Saturday, April 26, 2008
The Overwatch of an Education
I remember the schoolhouse vividly. You can see it in this picture, centered just above the barrel of this 240. I remember standing long hours of guard, looking down the sights of this machine gun while the children danced outside in the sun, their bright tunics rare spots of color in the barren waste.
About 100 meters separated our fire base from this two room schoolhouse. Our base was the biggest bullseye in the whole Shkin region, regularly bombarded by 107 mm rockets carefully aimed from Pakistan. The rockets usually missed us, sometimes by distances much greater than the 100 meters to the school. It was directly in the firing line. I had a lot of time to ponder this quandary. Children, the most precious resource of any culture, collected daily in this impact area of a school to learn to read and write, to do basic arithmetic. Why?
The answer is simple really: safety. Protection. For all the danger of constant bombardment, to build this school elsewhere would have been that much worse. The first people the Taliban killed were the educated, the teachers. Our AMF lieutenant had been a teacher. They'd killed his family, tortured him by pulling out his fingernails with pliers. Teaching was a surefire death sentence under this regime.

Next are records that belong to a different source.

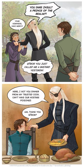 @lcmdevents Day 7: Seven lords a-plotting - To the delight of the Greens, Prince Aemond captured Prince Lucerys whilst in Storm’s End. The lords whispered of all the intrigues they can plot now that they have a hostage... right? #lucemond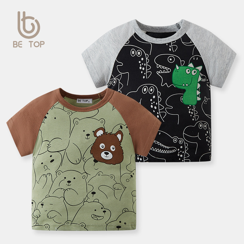 be top卡通童装满印小熊儿童短袖T恤圆领宝宝插袖上衣潮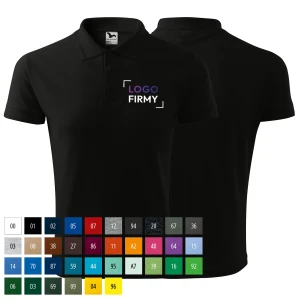 Koszulka czarna polo z logo na sercu męska z nadrukiem logo firmy 200g 203 koszulka polo WSZYSTKIE KOLORY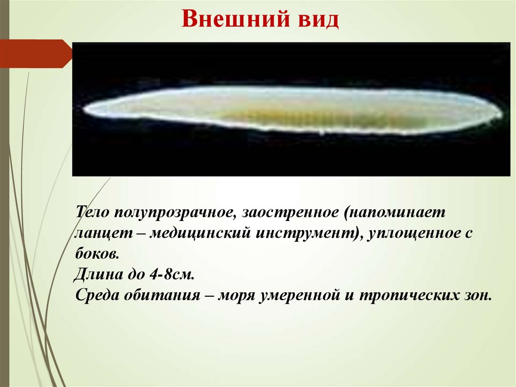 Внешний видТело полупрозрачное, заостренное (напоминает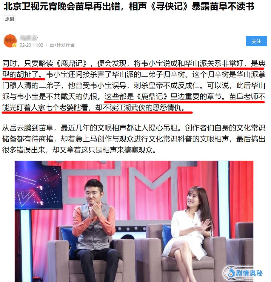 但是,过后也有网友提出异议,并发文称相声《寻侠记》人物关系搞错,暴露苗阜不读书。文中称,苗阜在相声中说《鹿鼎记》里的韦小宝与华山派关系很好,纯属胡扯,为此作者还特意拿出金庸原著《碧血剑》和《鹿鼎记》进行分析,最后觉得苗阜的相声作品不够严谨。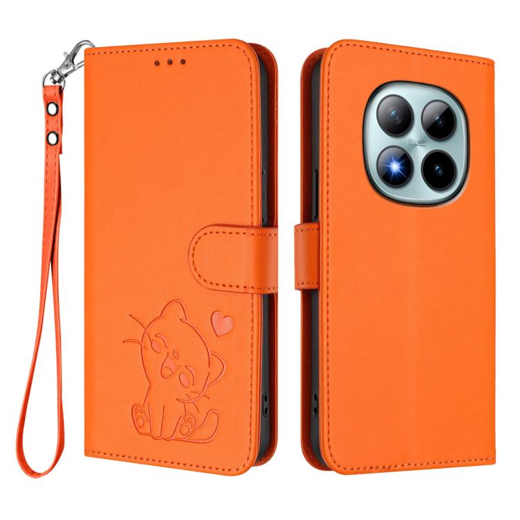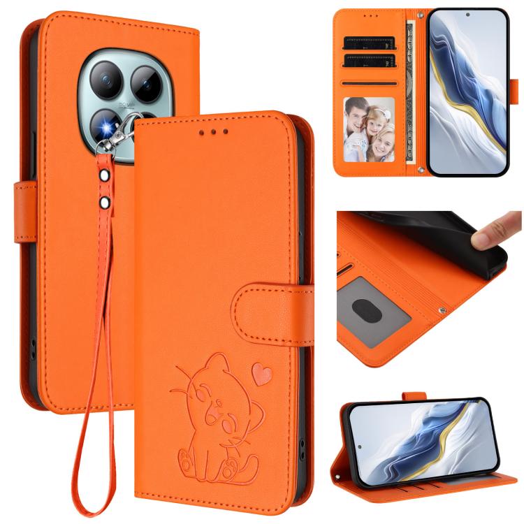 For Redmi Note 15 Pro+ 5G Global 163.3mm Embossed Heart Cat Leather Phone Case with Hand Strap(Orange)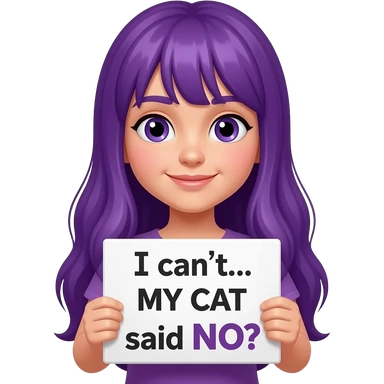 girl with long purple hair with a Ich kann nicht... MEINE KATZE hat NEIN gesagt sign emoji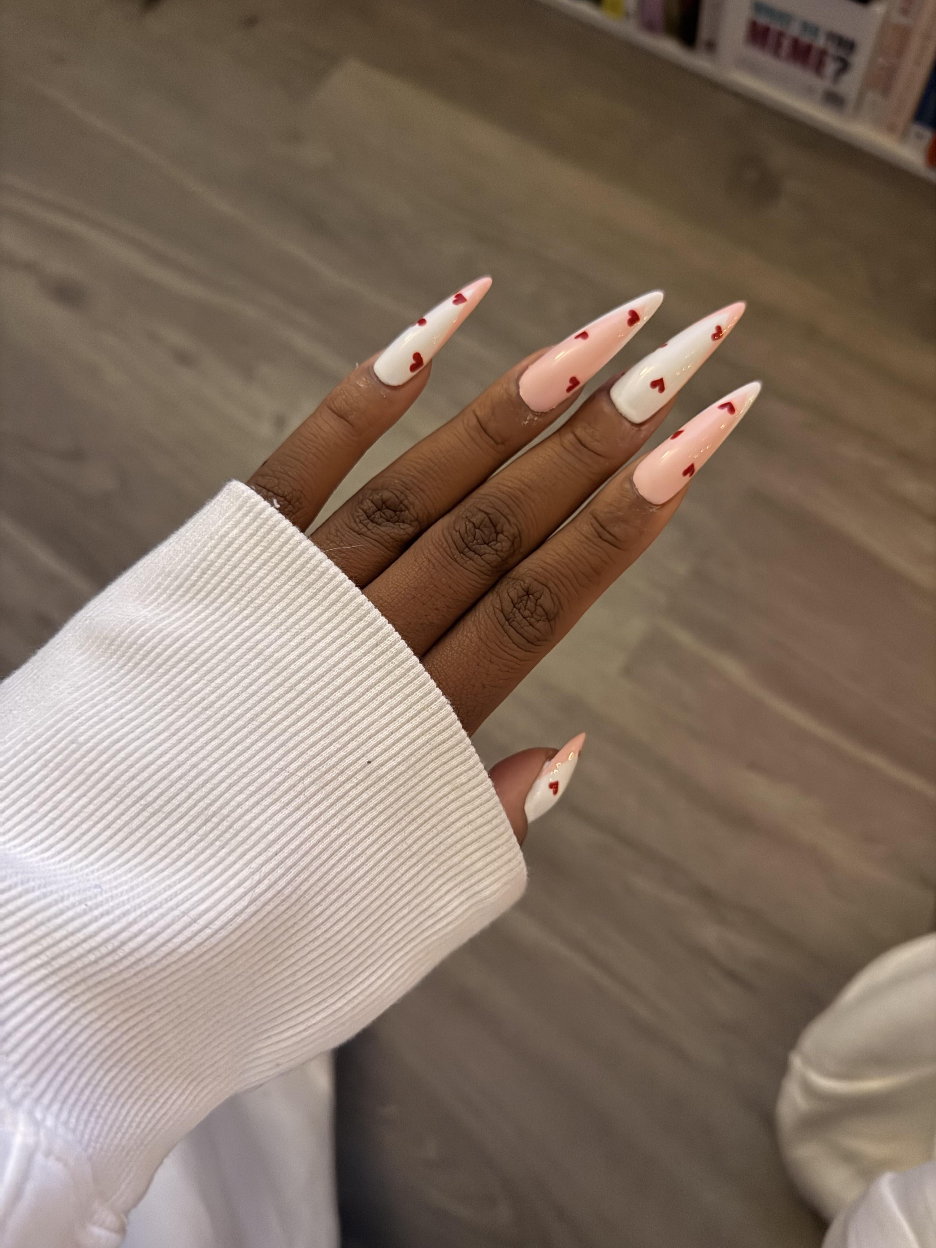 my nail tech gets me right every time 💅🏾 gel x x-long stiletto with thumbs cut to about medium/long length. do i have a valentine? nope! do i care? nope ✨ by soccerspritesleep

Nestled under the barrels of American machine guns was the only safe place for the school and its instructors. In an area still rife with Taliban influence, a school was a symbol of defiance to those who would oppress them. These children and their teachers were relatively safe next to us, where we could protect them. The rockets were a danger, but not nearly so much as isolation would have been. Tragic, painful, but reality.
This is why I pursued education when I left the military. I have seen the dreadful price which must be paid for this most basic freedom. It is not to be squandered. Education is that most precious of commodities, worth any price, any cost, and it must be defended fiercely. God help those children, and god help those of us here who do not recognize it's worth.